ReNu Contact Lens Solution Recalled - Lawyers Busy

Bausch & Lomb now faces at least 400 consumer product liability lawsuits in the US from victims claiming injury from Renu, and it also faces lawsuits from shareholders. One suit alleges that the product was "unreasonably dangerous and defective" due to contamination and that Bausch & Lomb failed to warn consumers of the dangers associated with the product. The plaintiff suffered extreme pain and anguish and was hospitalized. She now faces additional upcoming surgeries to possibly remove her eye.

The lawsuit further claims that Bausch and Lomb committed acts of negligence through failing to remove the product from the market; continued to market and sell ReNu with Multiplus; failed to warn of all possible side effects and misrepresented and concealed the possible risks or dangers of use. As well, the manufacturer is also accused of strict liability through design, manufacture, and marketing defects and breach of express and implied warranties.

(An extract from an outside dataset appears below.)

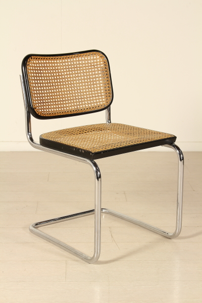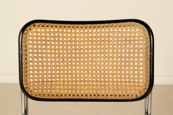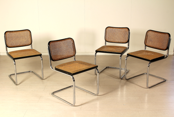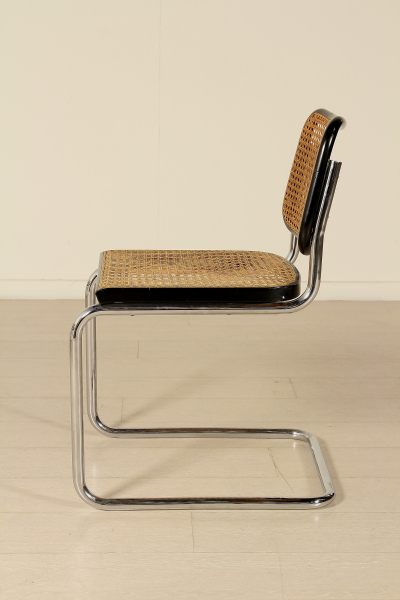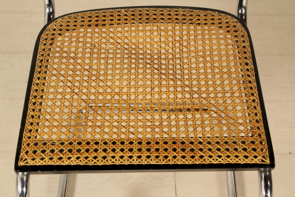 Gruppo di quattro sedie; tubolare in metallo cromato; telaio in legno laccato con paglia di Vienna. Buone condizioni, presentano piccoli segni di usura.
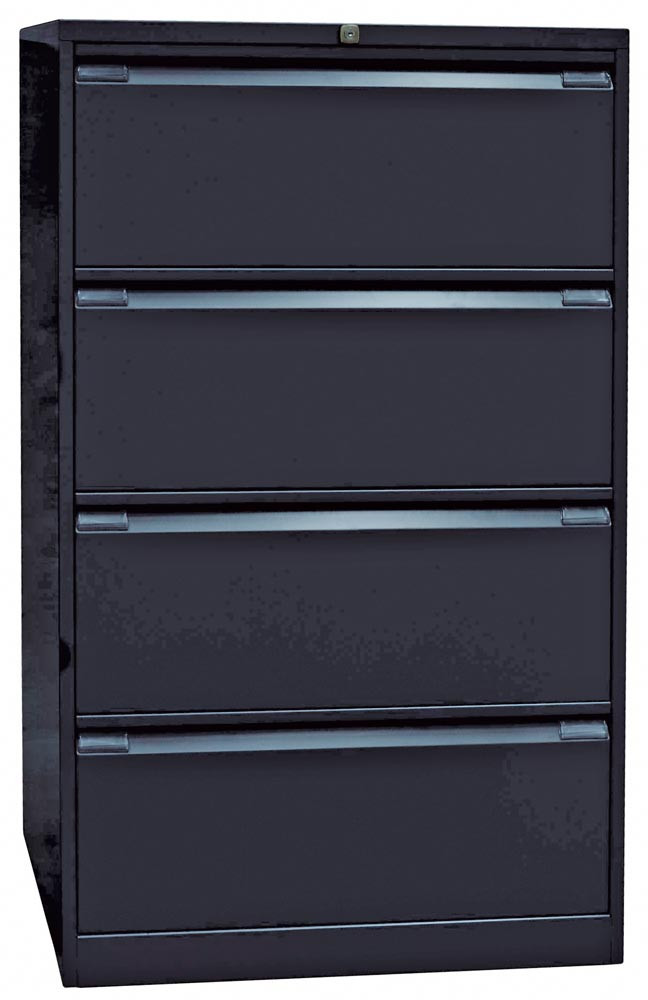 Hängeregistraturschrank, BxTxH 800x622x1321 mm, doppelbahnig, 4 Schubladen, Griffleiste, schwarz

Another suit claims that the FDA notified the healthcare industry about a recall of the product in November of 2006 but did not remove the product from stores. However, in the wake of countless contact lens solution users suffering potentially blinding eye infections, the agency is finally conducting a safety review and will convene a panel of experts this June, 2008 to "discuss general issues" with various lens cleaners and determine whether new testing or package labeling should be required.

Bausch & Lomb, based in Rochester, NY, was acquired by private-equity firm Warburg Pincus LLC in October, 2007. Analysts estimate that Bausch & Lomb could face potential liabilities of $1 billion plus over Renu lawsuits.